I've always loved shoes. Like many, as a child I used to sneak into my mother's wardrobe and try on her high heels. There was one pair in particular I loved - a typically 80s open-toe pair of mid-heels that were a patchwork of different coloured leathers. I remember feeling how soft the leather was, running my fingers over the stitching that connected the blue to yellow, orange and green sections.
That was really the beginning of the end.
I (foolishly) spent my first years at uni gleefully running out at the beginning of each year to spend my course-related costs on shoes. It was easy enough to justify - I couldn't exactly go barefoot to class in the middle of winter in Wellington, could I?
I started out in flats, then graduated to kitten heels (which I now despise, but that's a whole other column), before moving on to mid-heels when I started office work then finally ending up where I am now where a large portion of my shoe wardrobe consists of at least 10cm heels.
I subscribe to the Posh Spice School of Heels - as long as you can walk in them without looking like a demented duck, the higher the better.
Like many other women, I find my high heels empowering. I'm still not sure what it is but there's something magical about the transformative power of a great pair of heels.
The right heels make me feel more powerful, bolder and more bad-ass. It's like their ability to straighten my terrible hunched posture and tone my calf muscles somehow brings out the confidence I've always had but that sometimes disappears under the strain of everyday life. In my heels I walk taller, literally and figuratively.
Obviously this is nothing new. Beyonce often uses high heels as a way of describing an empowered modern woman in control of both her life and her finances. Bette Midler was once asked in an interview whether she has a passion for shoes. "I firmly believe that with the right footwear one can rule the world. Fortunately for the world, I have not found the correct footwear to achieve that goal. However, shoe stores across the nation can attest to my sincere and persistent efforts in that direction," she replied.
For years women have felt and used the power of high heels. But now an Australian shoe company is asking why that opportunity should be limited to only women, and have launched a collection of high heels for men. This month Solestruck launched Syro, a brand aiming to break "the oppression of male femininity [that] still continues to shame, exile and attack the freedom of self-expression". It's built on a community of men who want to embrace their feminine side without judgment, men who contacted Solestruck time and again asking for high heels in their sizes.

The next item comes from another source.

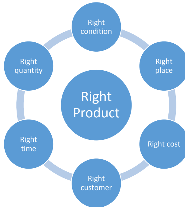
Graph 1. The 7 R's of Logistics

Specified function has the following features. First, they represent a set of interrelated functions for the formation, organization, management and implementation of material flow in the process of commodity circulation. Secondly, the carriers of these features are in one way or another involved in this process: supply, sales, and transport services enterprises, associations, business associations, corporations and inter-regional and regional commercial and trade intermediary organizations and enterprises. In addition, the coordinating role in the organization of goods movement can exercise state structures that control the transport, trade, material and energy resources. Third, the criterion of effective implementation of these functions is the minimum unit total cost of moving goods, since each of the elements of these costs belongs to a significant proportion of their total. (Bazhin, 2003)

I think this is an absolutely awesome move and one bound to pay off for Solestruck, not just within the queer community.
Many great men have embraced high heels over the years - David Bowie and Prince spring to mind. I've said it before and I'll say it again - fashion is a fluid form of self-expression, one that should not be limited to gender or stereotypes or any other expectation society puts on us.
Fashion is freedom, to be whoever you want and say whatever you want through what you wear. For me, my heels are a key part of that freedom and expression. I love seeing others, regardless of gender, experience the same joy I get from a great pair of shoes.
If women can wear the pants and men can wear skirts, it's only fitting that everyone have the same opportunity to feel both the pain and flawlessness that a great high heel provides. After all, my brothers fished about in my mother's wardrobe, trying on her high heels, as much as I did.